_WHAT YOU WILL DO_: Once the line containing "Ornement en forme" is found in the data below, repeat it and every later line exactly, leaving the pictures out.

[Records from a data source]
——
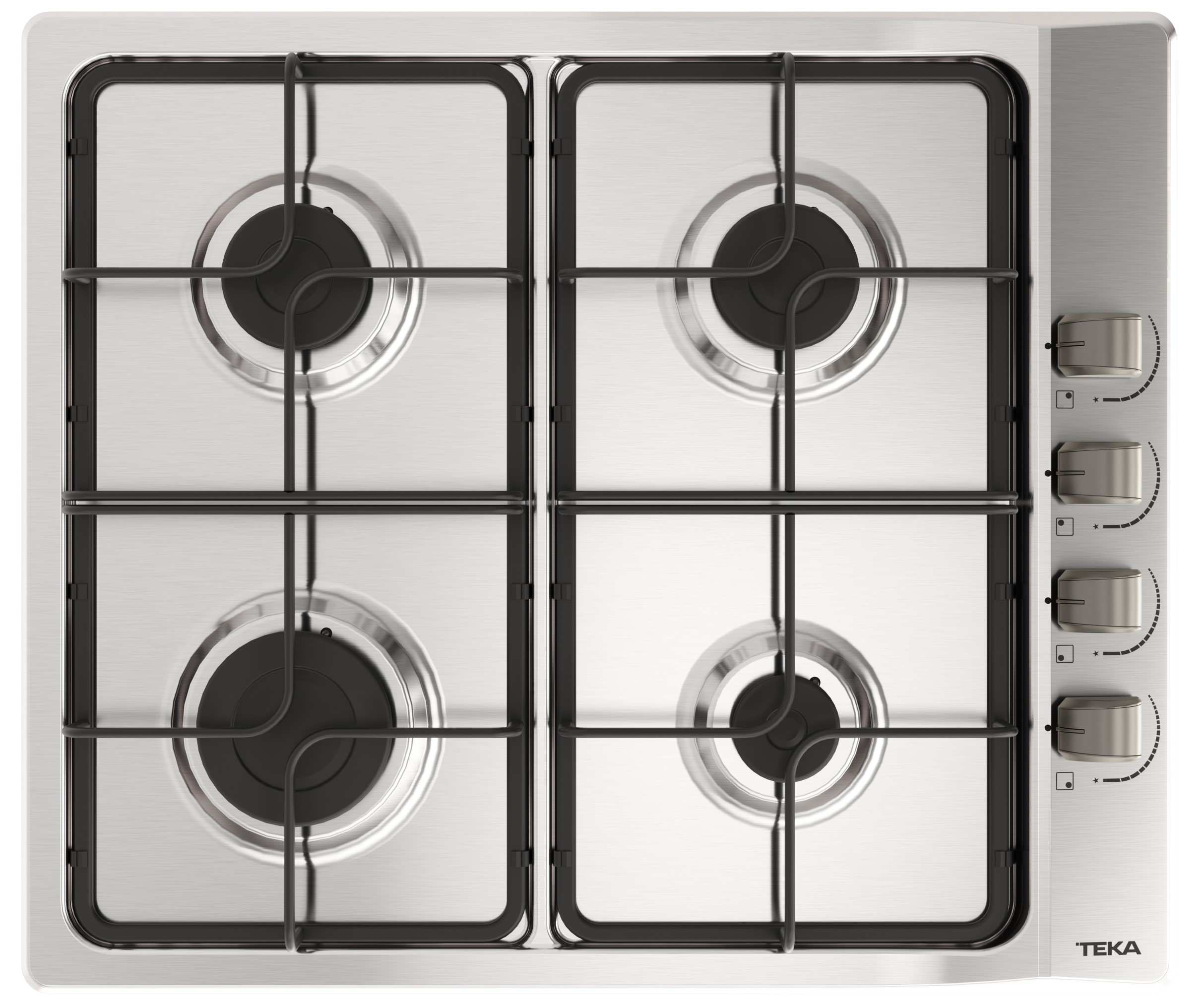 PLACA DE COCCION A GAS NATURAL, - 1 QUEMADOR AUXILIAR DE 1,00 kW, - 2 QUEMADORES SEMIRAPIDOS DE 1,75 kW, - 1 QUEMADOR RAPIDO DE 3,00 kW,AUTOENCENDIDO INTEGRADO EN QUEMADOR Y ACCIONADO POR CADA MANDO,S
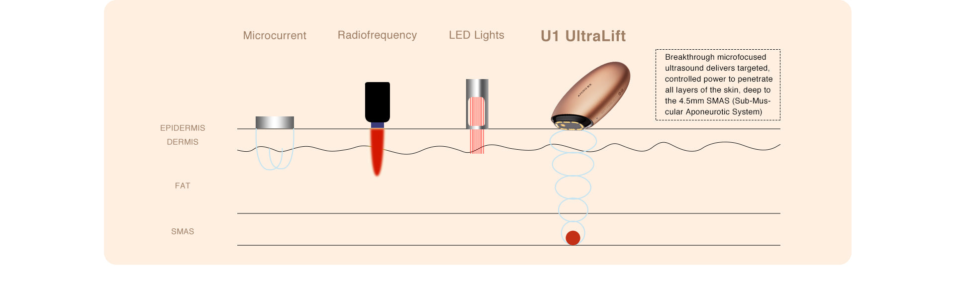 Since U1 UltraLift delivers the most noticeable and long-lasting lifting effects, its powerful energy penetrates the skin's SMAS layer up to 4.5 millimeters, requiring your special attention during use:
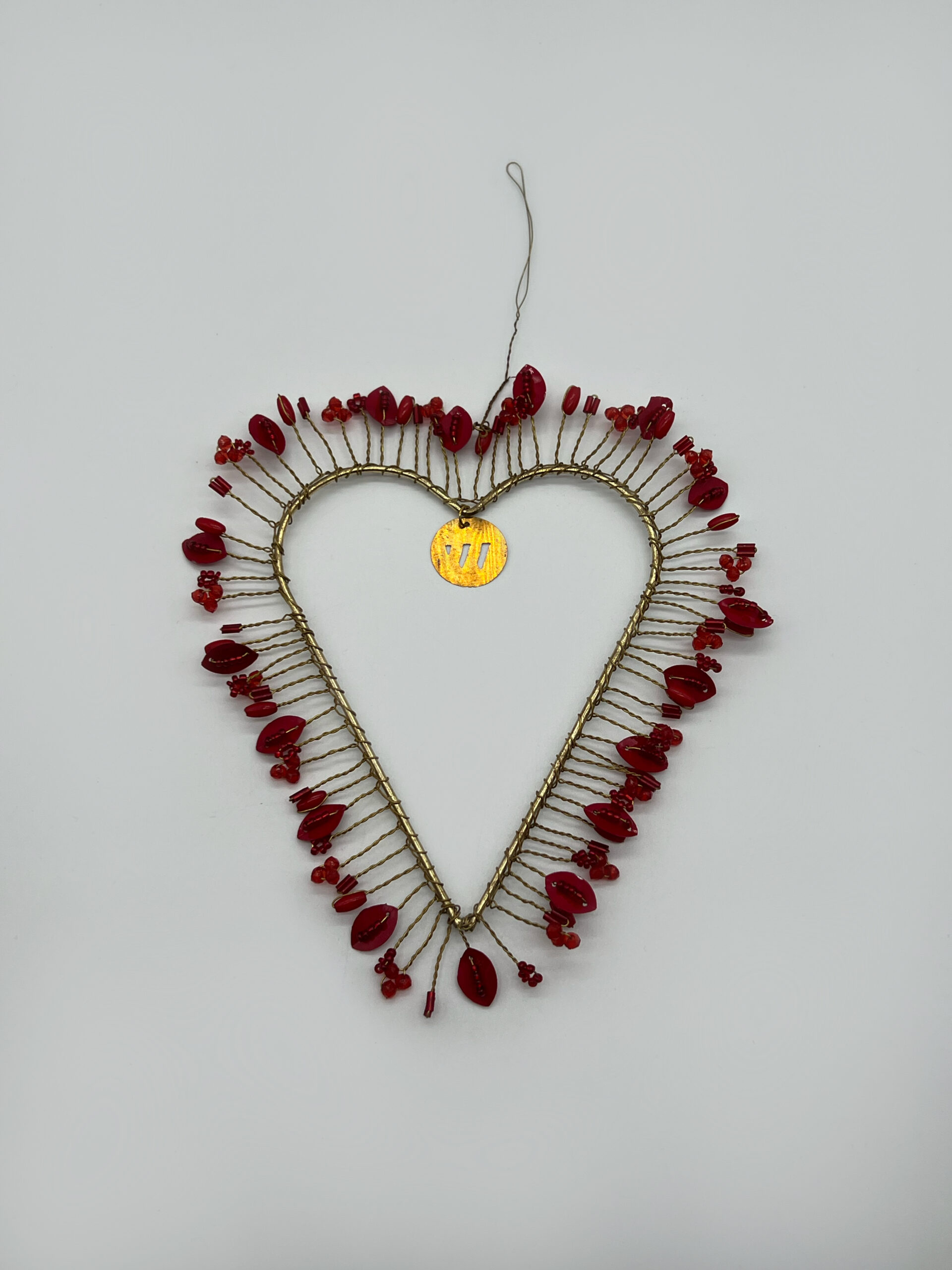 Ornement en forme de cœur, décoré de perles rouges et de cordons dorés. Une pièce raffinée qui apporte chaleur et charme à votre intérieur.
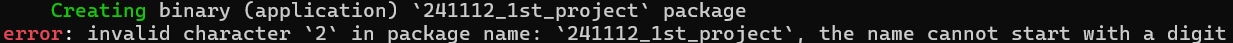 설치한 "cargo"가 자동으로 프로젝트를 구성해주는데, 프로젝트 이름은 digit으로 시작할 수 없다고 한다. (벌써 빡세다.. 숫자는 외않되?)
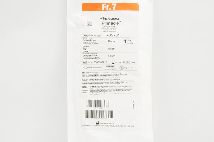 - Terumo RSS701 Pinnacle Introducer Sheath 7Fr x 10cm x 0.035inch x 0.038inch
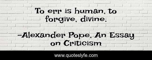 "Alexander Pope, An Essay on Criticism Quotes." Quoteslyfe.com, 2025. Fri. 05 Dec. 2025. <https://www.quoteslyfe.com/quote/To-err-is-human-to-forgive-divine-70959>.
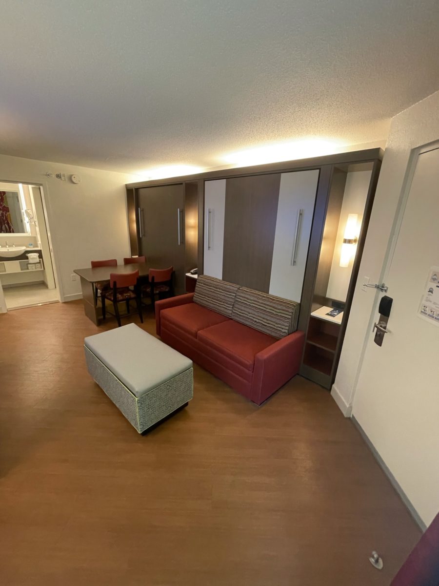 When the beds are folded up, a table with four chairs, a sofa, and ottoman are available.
——
_YOUR SOLUTION_:
 Ornement en forme de cœur, décoré de perles rouges et de cordons dorés. Une pièce raffinée qui apporte chaleur et charme à votre intérieur.
 설치한 "cargo"가 자동으로 프로젝트를 구성해주는데, 프로젝트 이름은 digit으로 시작할 수 없다고 한다. (벌써 빡세다.. 숫자는 외않되?)
 - Terumo RSS701 Pinnacle Introducer Sheath 7Fr x 10cm x 0.035inch x 0.038inch
 "Alexander Pope, An Essay on Criticism Quotes." Quoteslyfe.com, 2025. Fri. 05 Dec. 2025. <https://www.quoteslyfe.com/quote/To-err-is-human-to-forgive-divine-70959>.
 When the beds are folded up, a table with four chairs, a sofa, and ottoman are available.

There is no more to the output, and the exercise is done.